After Australia, Ireland has now taken up the initiative to discourage smoking and tobacco consumption, and has introduced plain packages for cigarettes. Before the event of the World Tobacco Day, Health minister James Reilly also approved the plan to remove mobile advertising for tobacco firms, all set to slash down the numbers turning to smoking.
"Smoking places an enormous burden of illness and mortality on our society, with over 5,200 people dying every year from tobacco-related diseases," he said. "One in two of all smokers will die from their addiction."
Reilly also admits that he was once a big victim of the ill-effects of smoking, and his father and brother both fell prey to a smoking-related illness.
This initiative may help big cigarette industries from using special marketing techniques to promote their products like attractive packages, sizes and styles to attract the young generation, particularly girls.
The introduction of the standard, white plain packaging may help reduce the numbers and help discourage cigarette smoking and tobacco consumption at least in the youth.
With over one million smokers in Ireland alone, this initiative was much needed, and is expected to make a visible difference
"Ireland is known as a smugglers' paradise due to our high levels of illicit trade. We expect the situation to worsen considerably as a result of this move, placing further pressures on retailers and government tax revenues," John Player managing director Andrew Meagher said.
Meagher also claims after the smoking ban in 2004, the ban on the sale of ten cigarette packets in the year 2007 and the 2009 ban on the display of cigarettes have done nothing to impact the sales of the cigarettes.

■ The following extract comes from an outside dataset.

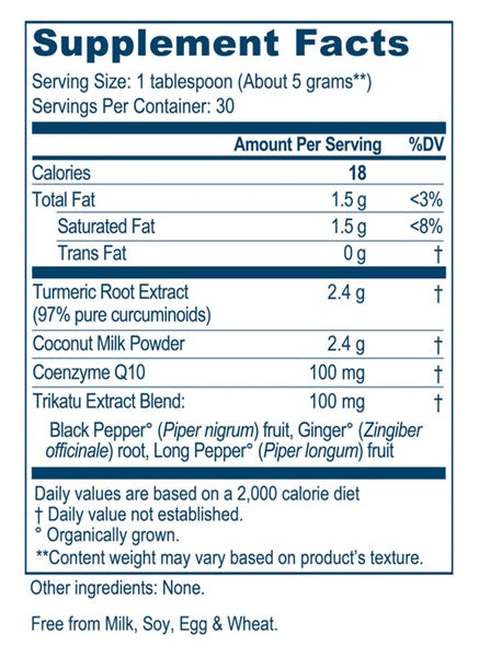 COCURCUMIN™ is a natural coconut flavored drink mix that uses traditional methods to enhance the bioavailability of curcuminoids. Curcumin is difficult for the body to absorb. Absorption of curcumin has been shown to improve when it is consumed with fats, which enhance absorption since curcumin is highly lipophilic. Adding medium-chain triglycerides (MCTs), as we have done in our CoCurcumin™ formula, significantly improves the bioavailability of curcumin. MCTs are a unique form of dietary fat that impart a wide range of positive health benefits including supporting fat metabolism and energy production. Trikatu is a traditional Ayurvedic combination for digestive health containing piperine from black pepper. Piperine has also been shown to enhance turmeric absorption.

However, Dr. Fenton Howell, Faculty of Public Health Medicine, Royal College of Physicians of Ireland, claimed that "Plain packaging will stop the tobacco industry from using the pack as a marketing tool to mislead another generation of young people into thinking that smoking is cool and fashionable, when in reality cigarettes makes addicts of our children and condemns them to a life of unnecessary illness and death 10-15 years ahead of time."
How this initiative to discourage cigarette smoking will help, only time will tell.